Structural Condition Monitoring Using Deep Learning on a Metallic Part Fabricated by Additive Manufacturing

Abstract

Additive manufacturing (AM) was originally developed to manufacture polymer prototypes. Today, it has been used for the manufacturing of many critical machine components. Most of the structural health monitoring (SHM) methods were developed for monitoring the condition of large and thin plates on airplane fuselages. Additively manufactured parts are generally small, thick, and have complex geometries. SHM methods have been improved to sense load, detect defects, and identify loose bolts with the help of a permanently installed sensor.
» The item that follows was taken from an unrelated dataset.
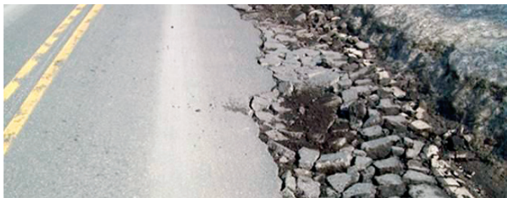
Posting and bonding by agreement can ensure that haulers pay for any damages they cause to the roadways.

In this study, the adaptability of SHM methods was researched with additively manufactured metal parts with complex geometry. Magnets were used to apply pressure to 9 different locations on the surface of a stainless steel additively manufactured thick plate with deep groves. SHM was used to estimate the magnets’ location. Many SHM (Lamb wave) methods cannot work on smaller parts since their dimensions are shorter or very close to the wavelength of the created oscillations. Surface response to excitation (SuRE) method which has similar characteristics to electromechanical impedance methods was used for data collection. To obtain descriptive features of the time domain data, fast Fourier transformation (FFT), short-time Fourier transformation (STFT), continuous wavelet transformation (CWT), and synchrosqueezing transform (SST) were applied to CWT. 1D and 2D convolutional neural networks (CNN) were used to classify the cases. When CNN was optimized for the analysis of our data, 100% location estimation accuracy was obtained by using 50% of 320 scalograms for training. The scalograms were obtained by enhancing the CWT results with SST. STFT-CNN combination was the second best. It obtained 95% accuracy with the same number of spectrograms and training allocation.